The profits of private and public sector banks are expected to remain strong in the fourth quarter of FY 2022. The capex cycle may pick up during 2HFY23, which will further improve credit growth.
Banking Sector Earning Expectations: Credit growth in the banking sector is getting stronger. Strong disbursement is visible in every segment. Disbursement growth has crossed the precovid level in many retail products. While there is a revival in the corporate segment as well. Brokerage house Motilal Oswal expects capex cycle to pick up during 2HFY23, which will further improve credit growth in FY23E. Segment wise Home, Vehicle, Tractor, Unsecured and Small Business may see good performance in 4QFY22. Whereas CV and MFI are likely to lag behind the normal level. Credit card business has also shown good momentum in 4QFY22. The brokerage says that due to all these reasons, the profits of private and public sector banks are expected to remain strong in the fourth quarter of FY 2022.

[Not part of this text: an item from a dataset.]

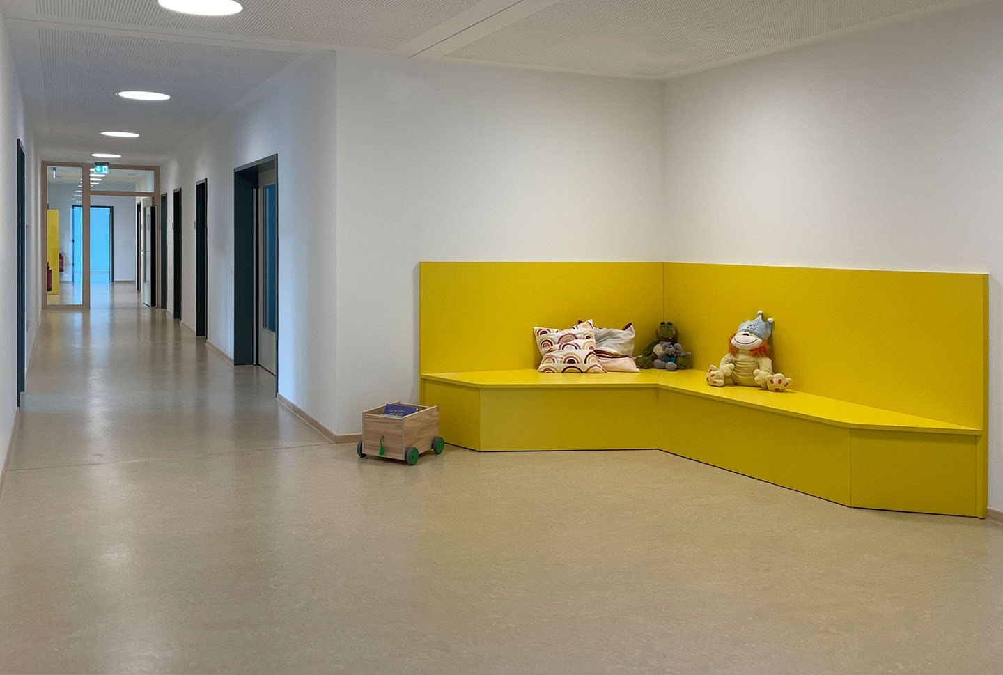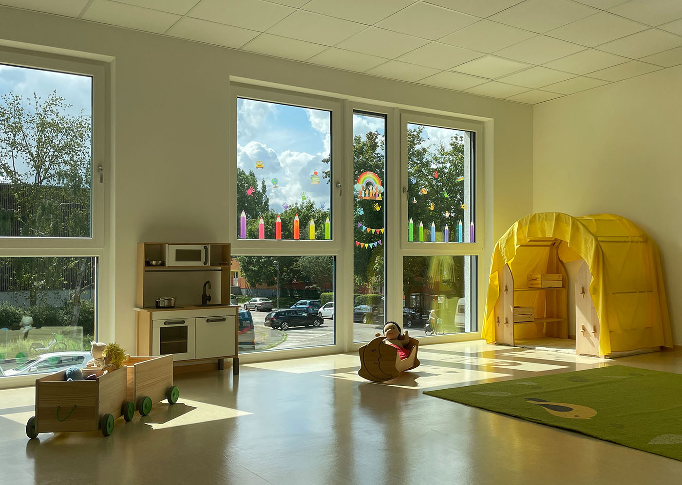 Die beiden Obergeschosse können über zwei Treppenhäuser oder den barrierefreien Aufzug erreicht werden. Im Erdgeschoss befinden sich die Kitaverwaltung, ein großer Sport- und Bewegungsraum und der Nestbereich für die Kleinsten. Dieser verfügt über direkte Ausgänge in den angrenzenden Gartenbereich.

Private Bank: 38% growth may come in PAT
Brokerage house Motilal Oswal believes that the profits of private sector banks can grow by 38 per cent year-on-year in the fourth quarter of FY 2022. PPoP growth can be 10 percent on an annual basis and 6 percent on a quarterly basis. Profits are expected to increase due to reduction in credit cost, increase in fee income and healthy business growth.
Private Bank: Loan Growth
The loan growth of private banks is estimated to be 15%/17% during FY22/FY23. ICICI Bank’s loan growth on an annual basis may be 16 per cent in 4QFY22. Whereas Kotak Mahindra Bank and Axis Bank can show 20 percent and 15 percent growth. The same HDFC Bank and IndusInd Bank’s loan growth can be 21 percent and 13 percent.
Private Bank: Net Interest Margin
Net interest income of private banks can grow by 19 per cent on a yearly basis. ICICI Bank’s NII may increase by 24 percent in the fourth quarter. While the NII of Axis Bank, Kotak Mahindra Bank, IndusInd Bank and HDFC Bank may be 23 percent, 20 percent, 13 percent and 13 percent.

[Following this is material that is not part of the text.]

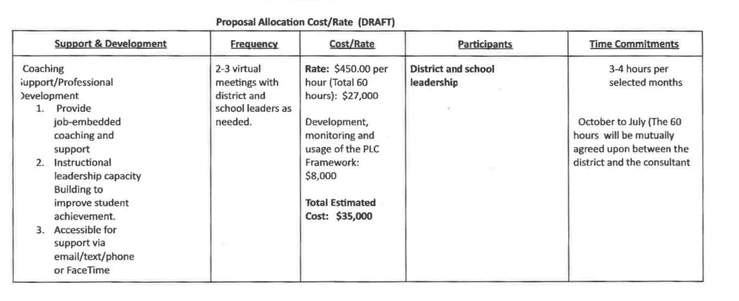 Prior to this, Ms. Dillard was Assistant Superintendent with the Jefferson County Public Schools, where Dr. Horton had previously served as Chief of Schools. During this time, Ms. Dillard consulted with District 65, you can view her contract here - she was paid $450/hour to remotely provide coaching, leadership development, and PLC services:

PSU Bank: Asset quality will be better, earnings will increase
Brokerage house Motilal Oswal says that if we talk about public sector banks, then the asset quality is expected to improve in the fourth quarter. The brokerage says that it is anticipated that the traction will continue in the operating performance of PSU banks. Treasury performance may remain muted and provisions are expected to come down. Slippage will continue to reduce, which will improve asset quality along with healthy recovery. NII / PPoP growth in the fourth quarter of PSU banks can be 23% / 5% on a yearly basis. Whereas PAT may increase by 80 per cent year-on-year in 4QFY22.

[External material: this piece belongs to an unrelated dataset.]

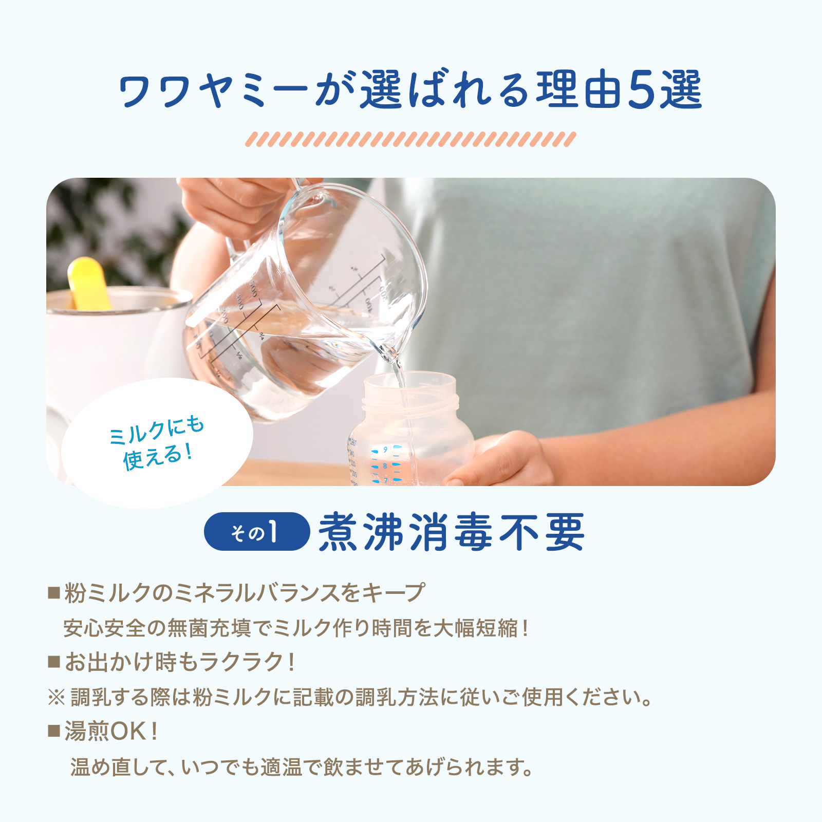 粉ミルクのミネラルバランスをくずさない、調乳に適したお水です。

Which stocks to buy advice
ICICI Bank, HDFC Bank, Federal bank, SBI, Canara Bank, Bank of Baroda, IndusInd Bank, Axis bank
Neutral on which stocks
Bandhan Bank, DCB Bank, Kotak Mahindra Bank, PNB
(Disclaimer: Stock investment advice is given by the brokerage house. These are not the personal views of The Financial Express. Markets are risky, so take expert opinion before investing.)